In this project, we'll start with a completed ML project. Our goal in this project will be to use several important tools and features of AWS to adjust, improve, configure, and prepare the model we started with for production-grade deployment.

Note: This repository relates to AWS Machine Learning Engineer nanodegree provided by Udacity.

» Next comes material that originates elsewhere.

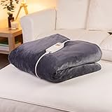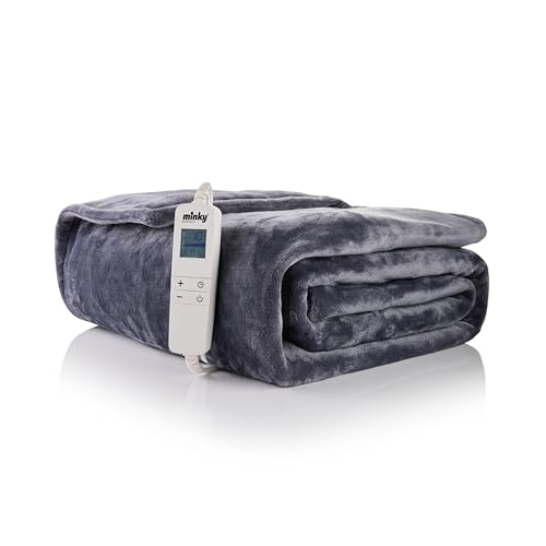 Minky Luxury Heated Throw Blanket - Double, 180cm x 135cm, in Grey - Luxury Fleece Blankets, 10 Heat Settings, Electric Throw, Machine Washable, Cosy Heated Blanket, Electric Blanket

Taking raw ML code and preparing it for production deployment is a common task for ML engineers, and it's very important for the following reasons:

  1. ML code alone isn't sufficient for most business scenarios. Real business situations require ML code to integrate with other infrastructures, like API's, applications, or other websites that require ML code to be correctly configured.
  2. If ML code is deployed in a way that's not optimal, it can lead to cost overruns or bad performance.
  3. When ML code is moved to production deployment, security is always a concern, since poor security can lead to data leaks or performance issues.

Project Summary

  1. Train and deploy a model on Sagemaker, using the most appropriate instances. Set up multi-instance training in our Sagemaker notebook.
  2. Adjust our Sagemaker notebooks to perform training and deployment on EC2.
  3. Set up a Lambda function for your deployed model. Set up auto-scaling for our deployed endpoint as well as concurrency for our Lambda function.
  4. Ensure that the security on our ML pipeline is set up properly.

Initial setup

First, we create and open a Sagemaker instance from Notebooks > Instances section of AWS SageMaker. After creating the instance, it's running as shown below:

notebook_instance_setup

Due to this link, the ml.t3.medium is a suitable option to choose the notebook instance type: fast launch, CPU-intensive, and offering a balance of compute, memory, and network resources. For training, I chose the ml.m5.xlarge instance type due to its acceptable time processing and resource consumption.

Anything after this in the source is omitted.